The smaller adult—Momma, I figured—pointed something small at Ted and clicked a button. Ted climbed off the couch, stood up, and froze with his arms out straight to the side. She pointed to the two youngsters, who each meekly took one arm and carried him away. I heard them bump a bit in the kitchen, but they made it out the door without breaking anything.
Poppa said, "We trust that you will not be so imprudent as to discuss our visit with any of your authorities. We shall extirpate all evidence of this sojourn, and you would appear most foolish."
"Um, no, I'm cool. Boys will be boys, and all's well that ends well. Right, Marie?" I wanted to make sure she was still breathing, but all I got out of her was a nod.
Momma spoke for the first time. Same voice, but you could tell it was her. "The wheeled vehicle has been repaired. The literature you provided and your large stuffed animal are enclosed within. Is this to your satisfaction?"
"Uh, yeah, I guess. Sure. But can we say goodbye to Ted? We're going to miss him, right, Marie?"
Marie looked at me with a dazed expression and croaked something vaguely affirmative.
The two aliens looked fixedly at each other—I thought they were talking it over—and one of them said, "Acceptable. Follow."
We went outside, saw nothing, but followed Momma and Poppa across the lawn until we passed through an invisible curtain. Inside was a larger saucer than I had seen last night, with the two boys and Ted standing next to it. Momma used her clicker again and Ted came back to life.
"Hiya, Sam. Hi, Marie. What's happening?"
I went over and bent down to talk to him. "Hi, Ted. Buddy, we're gonna miss you, but you gotta go with these folks. They can take better care of you than I can. You aren't really built for life on Earth."
"Huh? What? That's not fair. Where will I get beer? And if I'm not here I'll miss the Bears' season. They've got a chance to go to the Super Bowl!"

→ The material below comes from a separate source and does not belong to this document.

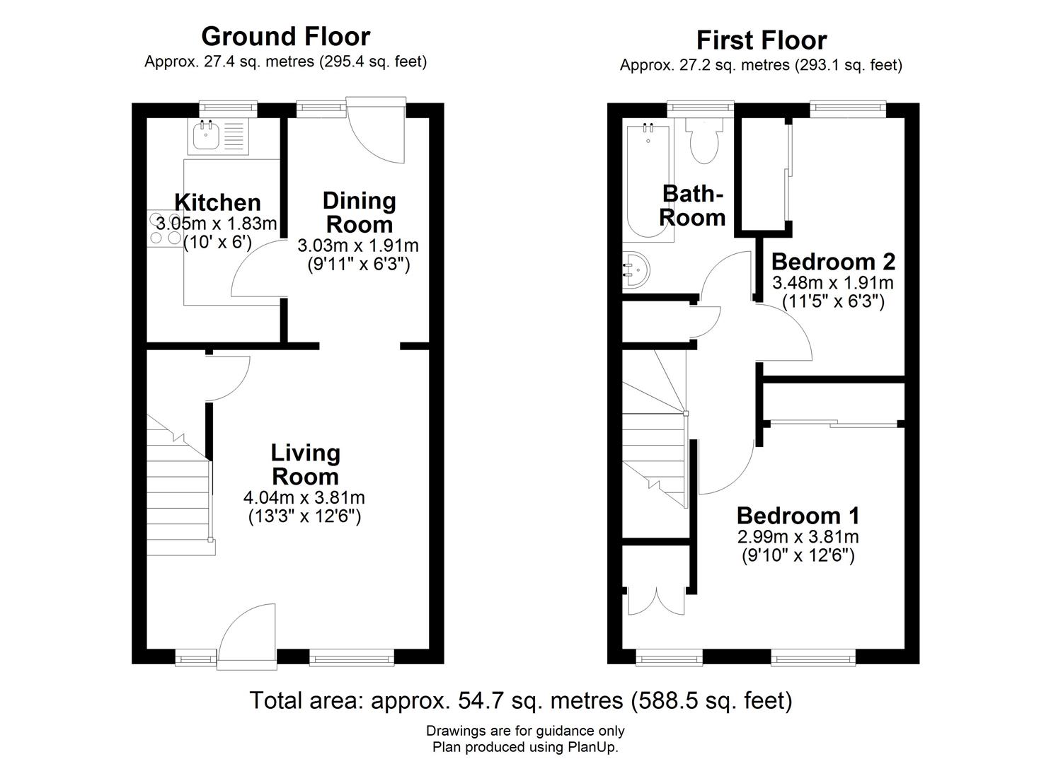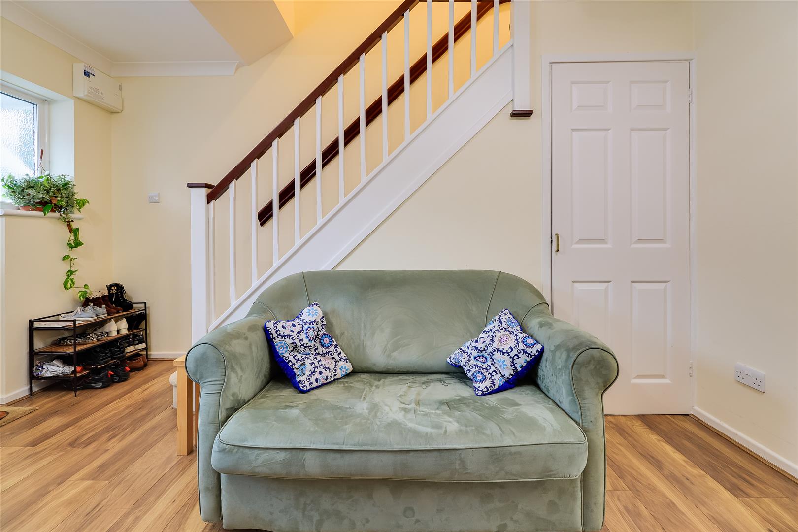 Ground floor, UPVC double-glazed door with stained glass details. Sitting/ dining with laminated flooring, stairs to the first floor and under stairs cupboard, single door leads to the rear garden and radiators. Kitchen with a sink unit with a matching range of base and wall units, gas and electric cooker points, plumbing for dishwasher, washing machine, fridge and freezer space. Double-glazed window overlooking the rear garden and radiator. First floor landing with access to the loft space with ladder and electric light. Cupboard with a hot water tank and immersion. Bedroom 1 with a range of fitted wardrobes and storage cupboards, 2 double-glazed windows to the front elevation. Bedroom 2 has a double-glazed window overlooking the rear garden and a radiator. The bathroom is a modern suite including a panel bath with power shower, vanity, hand basin, WC, double-glazed window and towel rail.

I looked up at the parents. "Can you let him watch the games? He's a sports nut, you know."
The parents communicated silently again, then Momma said, "Acceptable." Zharban (or Plxring; I never learned which was which) made a noise, which I took to mean "But Momma!"
For my benefit, she responded in English. "Those who crash their Tav'roin and reprogram their Zchazch to attempt to suppress the fact do not deserve a Zchazch. Ted he is and Ted he shall stay."

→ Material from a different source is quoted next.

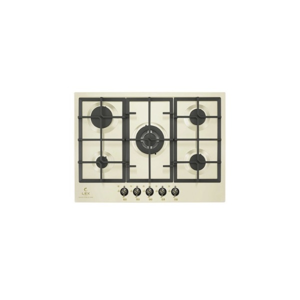 Газовая варочная поверхность, эмалированная сталь, чугунные решетки, 5 газовых конфорки, электроподжиг, газ-контроль, цвет - слоновая кость
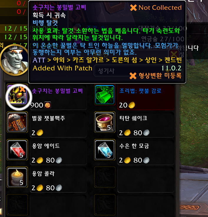 솟구치는 봉밀벌 탈것은 내부전쟁 확장팩 탈것으로 지글거리는 잿불꽃가루 900개로 구매하는 탈것입니다.

I nodded gratefully, too moved to speak. I looked at Marie, and her eyes were a little watery too. Ted would live! I grabbed Marie's hand and pulled her over to Ted.
"See you, buddy. We'll miss you. Write if you get the chance."
"Okay. See you, Sam," was all he said. He grinned at me, ever the happy-go-lucky bear.
Marie surprised me by stroking the fur on his face with the back of her hand. In a shaky voice, she said, "Goodbye, Ted."
"See ya, Marie. Take care of Sam, okay?"
"I will."
Marie turned to the parents and said "Can I ask you a question?"
Momma said, "No. We must depart." She used her clicker on Ted again, and the two boys carried him up the ramp. Momma and Poppa followed them without a backward glance. In less than thirty seconds the saucer was gone as if it had never been there, not even leaving a depression in the grass.
Marie and I checked out the van. It had the Ted notebook and a new life-size copy of Ted in it. The engine ran perfectly for the first time ever, and even the little things like the burnt-out dash light were fixed.
"Want to go out for breakfast?" I said. I sure as hell didn't feel up to cooking.
"Yes. Let's take the van. And Ted."
I never heard from them again. I kept the van; it now gets about fifty miles to the gallon and I've never had to replace the tires. We still have the video Marie shot, but it's only about half a minute long and is pretty grainy —the light just wasn't that good. I've seen much better effects at the movies. We still watch it each year, on our anniversary.
I know my son will ask me someday. For now, Marie and I have decided to tell him it's for an old uncle on her side of the family. I'll just have to decide how old he is before I give him this, to let him know the real reason he's named Theodore Zharban Quinn.